If you're doing your own solutions, then that's cool too, but still need a video. If you post a written reconstruction of your own solution that would be good as well, but probably not required.


----------



## CFOP INC (Jun 5, 2021)

oh


----------



## ruffleduck (Jun 6, 2021)

I'll record my solves stackmatted.


----------



## kubesolver (Jun 6, 2021)

WoowyBaby said:


> I'm also assuming that submissions can be individual videos uploaded for each execution, right?


Yes. That's correct. Also video is only necessary if you want to win the fixed prize. For lottery prizes I'm fine with a text submission. 


WoowyBaby said:


> if you are doing your own solutions, do you have to provide written reconstructions for your solutions, or is that optional?


Optional.
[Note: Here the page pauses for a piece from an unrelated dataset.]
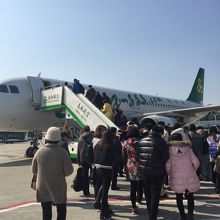 席は狭めですが上海までは約3時間ぐらいなので問題なし。

But some explanation if there is something of interest is welcome. 


WoowyBaby said:


> How is it going to be timed?


Any way you wish but cubing timer is preferred. I reserve a right to add a tenth or two of a second if someone has used timing method that gave him a clear advantage. 


Nmile7300 said:


> For the "fastest using the same solution as the WR" would using a slightly different PLL alg be allowed if there is no difference in AUF?


It's supposed to be a tribute to Ruihang Xu so let's use his exact PLL


----------



## qwr (Jun 6, 2021)

Wait where is this money coming from


----------



## kubesolver (Jun 6, 2021)

It's sponsored by kubesolver.com


----------



## fun at the joy (Jun 6, 2021)

I've always had a lot of fun competing in your competitions so I'm very happy and grateful that you're hosting another one.
One question before I submit my entry: Do the solves have to be done one after another in one sitting/in one sitting?


----------



## kubesolver (Jun 6, 2021)

fun at the joy said:


> : Do the solves have to be done one after another in one sitting/in one sitting?


No. 
It's fine to drill one for a week than work on another one


----------



## fun at the joy (Jun 6, 2021)

Ruihang's solutions:














6.079 Mo3


----------



## WoowyBaby (Jun 8, 2021)

Here's some short solutions you can use to get the fastest execution!

1. L2 B D2 F2 D2 R2 F2 U2 R2 D F L2 B D' U' L F2 U L2 U'
y r2 R' U r' f2 R2 U f' // FB
U R2 U' R' U' r // SB
U F R' F' R U2 R U2 R' // CMLL
M U' M U' M' U' M U // LSE

2. R' F2 R' D2 U2 F L' U' L' R F' U' F2 R2 U' F R2
y' z R D' F U' r' D' r2 f' D' // FB
r U2 R2 U2 R' U' R' U' R2 r' U' R // SB
F R U R' U' F' // CMLL
U' M' U' M' U M2 // LSE

3. L2 R2 B2 D U B2 U' R2 D2 U' B R2 B2 F R U' B L R2 D' L' U2
y2 z U F' D f R2 r' F // FB
M' R' U' R' U2 R2 // SB
U' R U2 R' U' R U' R' // CMLL
U' M' U M' U' M2 U' M' U M' U' // LSE

I want to see someone get a sub-5 mo3 with these short roux solutions. Try it out, good luck!


----------



## kubesolver (Jun 9, 2021)

My entries with Ruihang's solutions:


https://kubesolver.com/other/kuba_ruihang_tribute.mp4


8,80, 8,71, 9,84.


----------



## kubesolver (Jun 25, 2021)

Given not much traffic I will bump a post once and introduce a new rule.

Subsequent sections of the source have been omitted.